Джон Норман - Племена Гора
Тарна уставилась на него так, что он застонал и сказал, что нам отрубят головы.
После этого я оттащил ее на кушетку и преподал ей короткий урок.
Перед ней лежал путь в тысячу пасангов, но мы уже сделали первый шаг. И даже миновали зал.
Я наблюдал за ее реакцией, когда мы вели ее между солдат. Это была уже не прежняя Тарна. Это была женщина, узнавшая, что может с ней сделать мужчина.
Снизу тоже доносились крики и пение. Мы спустились на четыре уровня и оказались на самом нижнем. Тарну начало тошнить.
— Запах, — простонала она. Перед нами появился пьяный солдат с бутылкой. Ее вырвало дважды, я ей не мешал. Затем я пропустил ее вперед. Мы шли по устилающей коридор склизкой соломе.
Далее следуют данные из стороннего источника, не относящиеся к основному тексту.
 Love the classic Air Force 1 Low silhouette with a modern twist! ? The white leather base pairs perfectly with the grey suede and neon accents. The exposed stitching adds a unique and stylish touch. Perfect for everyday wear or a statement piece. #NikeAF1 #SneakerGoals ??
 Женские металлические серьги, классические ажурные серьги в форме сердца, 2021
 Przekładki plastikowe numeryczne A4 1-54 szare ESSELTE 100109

Она жалобно запищала, когда урт коснулся ее ног мокрой шерстью. Мы заглянули в одну из дверей. За ней располагалась длинная узкая комната. У дальней стены стояли на соломе прикованные за шеи более ста невольниц. С ними заигрывали пьяные солдаты. Удерживая девушек за руки, они вливали им в рот вино. Некоторые рабыни с радостью хватались за бутыли, стоящие в конце цепи жадно протягивали руки.
— Вина! Вина мне, господин! — кричали они.
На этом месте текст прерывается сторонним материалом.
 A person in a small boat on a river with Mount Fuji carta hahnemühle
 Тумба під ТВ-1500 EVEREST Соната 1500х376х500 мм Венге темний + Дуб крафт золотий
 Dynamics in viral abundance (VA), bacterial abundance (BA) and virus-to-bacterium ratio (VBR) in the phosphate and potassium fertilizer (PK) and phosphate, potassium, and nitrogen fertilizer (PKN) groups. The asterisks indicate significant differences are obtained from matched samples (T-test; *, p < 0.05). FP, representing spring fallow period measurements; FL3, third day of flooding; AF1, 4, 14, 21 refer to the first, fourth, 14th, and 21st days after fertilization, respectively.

— Какие мужчины ужасные, — простонала Тарна.
— Прикуси язык, шлюха, — оборвал ее Хассан. — Скоро и ты им достанешься.
— Здесь, — сказал Хассан и отворил тяжелую железную дверь.
Я с любопытством разглядывал цепи и приспособления. Тарна попятилась. Бежать она не могла, ибо я держал ее за руку. Ей стало плохо, я следил, чтобы она не упала. В комнате было темно, только в углу горела висящая на цепях лампа на жире тарлариона и тлели угли в жаровне рядом с клеймовочным станком. В больших касбахах угли всегда держат горячими. Рабы это хорошо знают.
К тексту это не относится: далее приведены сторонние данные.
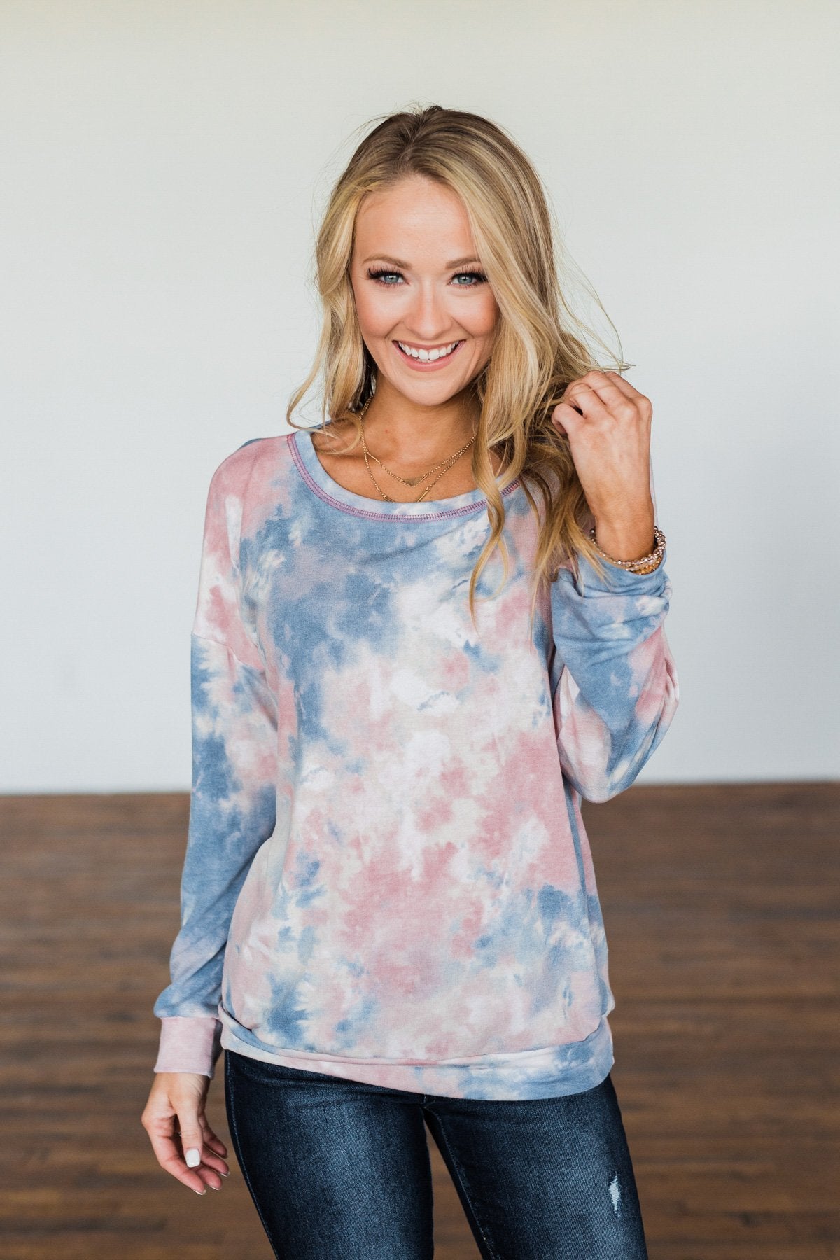 Lost In This Moment Tie Dye Pullover Top- Pink, Blue, Ivory

Я сорвал с рабыни покрывало, толкнул ее к станку и набросил на бедра по два железных обруча, после чего затянул их воротом. Она отчаянно пыталась вырваться из стальных зажимов. Я схватил девушку за руки, просунул кисти в специальные проемы над головой и одним движением затянул ремни. Подобные зажимы входят в комплект каждого клеймовочного станка. Затянуть и распустить их можно почти мгновенно. Разумеется, сама девушка не может дотянуться ни до одного ремня, зато стоящему у станка человеку не требуется особых усилий, чтобы обеспечить полную неподвижность невольницы. Я подтянул кисти рук, и Тарна захныкала:
— Ой, больно!
Я затянул ворот на полную.
— Умоляю! — завопила она.
— Заткнись, — бросил я и начал фиксировать бедра.
— По-моему, ей пойдет клеймо на левом бедре, — произнес Хассан.
Девушка на станке может визжать и извиваться, но бедра в момент клеймения должны оставаться совершенно неподвижными. Их ждет поцелуй железа.
Надев толстую перчатку, Хассан вытащил из жаровни раскаленный прут.
— Как тебе этот рисунок? — спросил он. Это было тахарское невольничье клеймо.
— Мне очень нравится, — сказал я, — но лучше подстраховаться и сделать ее обычной рабыней, годной для продажи на севере.
— Хорошая мысль, — кивнул Хассан и вытащил из жаровни другой прут. Но его раскаленном докрасна конце горело четкое клеймо кейджеры с планеты Гор. Тарна следила за Хассаном выпученными от ужаса глазами.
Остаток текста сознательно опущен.